1.3. Прогулка
Португалия, южное побережье. 7 марта 2004 года.
Пляж. Красноватый песок и раскаленное солнце. Мы бредём к еле заметным вдали острым башенкам Кинтейры. Купаться невозможно, вода ещё холодна. Из-за ветра солнце не обжигает кожу, и поэтому мне легко удаётся склонить Мари к прогулке в городок на горизонте.
Держимся за руки, как обычно. Если мы куда-то идём вместе, я всегда по-мальчишески стараюсь взять Мари за руку. Мне приятно ощущать в руке её маленькую ладошку. Мари очень маленького роста, и Мари очень грациозна. Всё, что она делает. Любое движение, любой жест – всё делается плавно, вкусно, обжигающе красиво.

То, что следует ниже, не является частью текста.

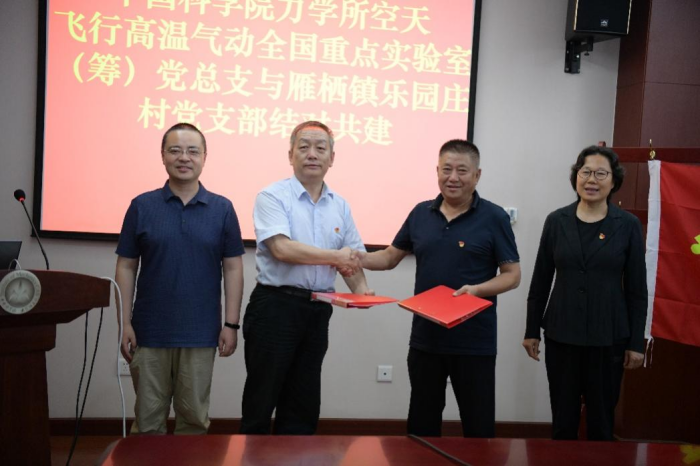 7月13日下午,LHD党总支与怀柔区雁栖镇乐园庄村党支部在力学所怀柔园区举行了结对共建活动。怀柔区委常委、统战部部长鲍晓健,副部长房淑军、崔波,雁栖镇副镇长肖冰,村党支部书记蔡长海,第一书记张明哲及支委参加了结对共建活动。力学所副所长、LHD实验室主任黄河激,LHD党总支书记赵伟,党总支副书记兼实验室副主任李飞,第一党支部书记申义庆及全体支委和园区的党员代表参加了本次活动。会议由赵伟主持。
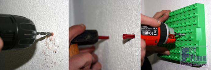 Для того чтобы из всего этого получилась замечательная LEGO-вешалка для ключей, нужно просто закрепить платформу от конструктора на стене при помощи шурупов. Для более аккуратного вида сверлите отверстия в платформе между рядами выступов конструктора так, чтобы шляпки шурупов можно было прикрыть дополнительными кубиками самого конструктора.

Пляж пустынен. С одной стороны волны, с другой – поднимаются отвесные скалы. Подслушать нас невозможно. Невозможно снимать телеобъективом, считывая движение губ. Поэтому я могу открыто рассказать всё, что скрывал много лет.
Я не готовился к разговору, хотя так поступать нельзя. Но это Мари. Мы слишком хорошо друг друга знаем. К тому же, мы слишком любим друг друга, чтобы прибегать к уловкам и делать подходы.
Я – аналитик. Я занимаюсь важным делом, которое может опрокинуть судьбы цивилизации (впрочем, эти судьбы столько раз опрокидывали, что, возможно, при очередном опрокидывании цивилизация, наконец-то, встанет на ноги). Я – профессионал, умеющий находить выход из любых ситуаций. Но это Мари.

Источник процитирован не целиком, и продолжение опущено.